Both equities and bonds declined over the week as investors assessed the potential for further monetary policy tightening from the US Federal Reserve (Fed). Jay Powell, Fed Reserve Chair, warned of further rate rises in a Q&A at the Economic Club of Washington; his remarks were in fact interpreted as less hawkish than investors anticipated. However, it was comments from other Fed officials throughout the week that weighed on markets. Raphael Bostic, president of the Fed’s Atlanta branch, remarked that January’s strong jobs report could lead to a higher peak in interest rates, whilst Minneapolis Fed president Neel Kashkari said that ballooning jobs growth was proof that the Fed needed to “raise rates aggressively”.
These comments contributed to the US equity market finishing lower by -1.33% as of 11am London time, with the technology index dropping -1.81% over the week. In Europe, market falls were less pronounced with the UK index down -0.69% and the European index falling -0.81%. Losses in Europe were limited after new German inflation figures reassured investors that the European Central Bank may not have to raise rates more than expected to combat rising inflation. German inflation slowed to 9.2% in January year on year, below economists’ expectations.
Japan was one of the bright spots, finishing higher by 0.85%, after robust earnings outlooks from domestic firms. Whilst in China, stocks also ended the period lower due to heightened US-China tensions as Beijing condemned Washington’s decision to shoot down a Chinese balloon that traversed American airspace. The Hong Kong index was down -2.17% and the Shanghai composite finished lower by just -0.08%.

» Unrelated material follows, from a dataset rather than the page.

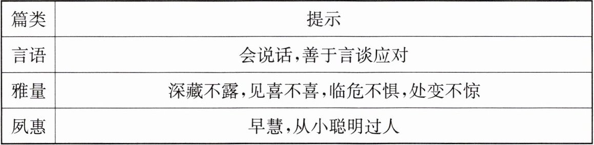 (2)诚实、自信的形象,他们认为自己记住了大人的谈话内容,并且敢于表达出来 4.乙文出自《夙惠》篇。理由:元方和季方在煮饭时忘记放箅子,导致饭煮成了粥,但他们能专心听父亲与客人谈话,并能记住谈话内容,且在父亲询问时,能自信地回答,表现出他们从小聪明过人的特点,符合《夙惠》篇中早慧的特点。

In economic news, the UK economy just managed to avoid a technical recession, defined as two consecutive quarters of negative growth. Despite negative growth in Q3, GDP growth for Q4 2022 was reported as flat according to the Office for National Statistics. This met analyst expectations, but the reading was weaker than the Bank of England’s own forecast. Despite better October and November growth, it was the month of December that wiped out gains due to widespread strikes and the cost-of-living crisis hitting households and business activity.
After hawkish statements from Fed officials, as well as the stronger jobs report from last Friday, US treasury yields (which move inversely to the bond price) rose sharply. As of 11am London time, 2-year Treasury yields which are more sensitive to potential interest rate changes, rose 22bps to 4.51% whilst the 10-year benchmark yield rose 18bps to 3.70%. Equivalent 10-year German bunds and UK Gilts also suffered with their yields rising by 17bps and 32bps to trade at 2.36% and 3.37% respectively.
In response to EU sanctions and the price cap imposed on Russian oil, today the Russian government announced it would reduce production by 500,000 barrels a day to support the price and “restore market relations”. The Brent crude price jumped by 2% on the news and as of 11am London time Brent is trading at $86.15 per barrel. WTI crude is trading at $79.54 per barrel. The price had already been rising steadily over the week with recovering demand in China. In other commodity news, European natural gas futures continued to decline, with the Netherlands Natural Gas 1-month forward future falling another 8.08% this week, which will be welcome news for European consumers.